Светлана Шмелева — одна из инициаторов проведения бессрочного пикета — рассказала «МБХ медиа» о смысле акции, и о том, насколько обмен заключенными осуществим.
— Как родилась идея бессрочного пикета возле администрации президента?
— Идея встать с одиночным пикетом возле администрации президента возникла у Юлии Самойловой. Я знаю, что активисты в течение лета 2018 года пытались проводить пикеты в разных частях Москвы, но не очень получалось. Не было такой идеи, что пикет этот будет бессрочным. И ежедневным он стал с сентября. Пикет был вдохновлен Олегом Сенцовым и его голодовкой. Я же пришла к администрации президента с плакатом, на котором было обращение к гражданам Российской Федерации о том, что наши сограждане сидят в Украине и просят их обменять, а президент России молчит. Тема обмена — основная для пикета. И мы решили проводить пикеты до того момента, пока не начнется обмен осужденных россиян на украинцев, которые сидят в российских тюрьмах.
«В администрации президента запрещен интернет»
— Вы уверены в том, что обмен рано или поздно начнется?

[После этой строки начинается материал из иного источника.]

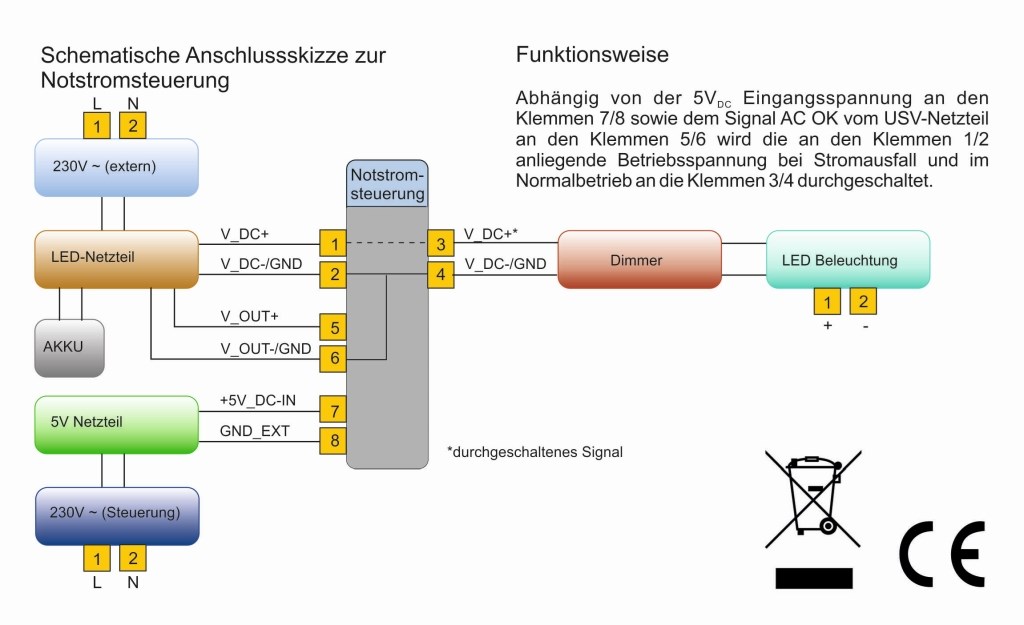 Notstromsteuerung für LED-Kabinenlichtabschaltung inkl. Dimmer

— Уверенным быть ни в чем нельзя, но поскольку я профессионально занимаюсь гражданским просвещением и понимаю, что если граждане проявляют некую активность и если есть согласие в обществе — а за эти четыре месяца, разговаривая с людьми на улице, я поняла, что многие сегодня выступают за то, чтобы начался обмен — это может произойти. Милосердие совершенно не чуждо гражданам России, и есть понимание — и у украинских чиновников, и украинского общества — что обмен необходим.
Мы передали в администрацию президента России 60 тысяч подписей, которые были собраны за обмен всех на всех. А потом я еще ходила на прием в администрацию президента к Александру Козыренко, начальнику департамента управления по обращению граждан президента России.
— И что он сказал?
— Примерно был вот такой разговор. Я сказала, что 23 россиянина, которые сидят в Украине, обратились к президенту Путину с просьбой обменять их на украинцев, которые сидят в российских тюрьмах. Козыренко спросил меня: «А вы уверены, что они реально существуют, эти россияне на Украине? Как докажете, что это настоящие подписи, а не фейковые?»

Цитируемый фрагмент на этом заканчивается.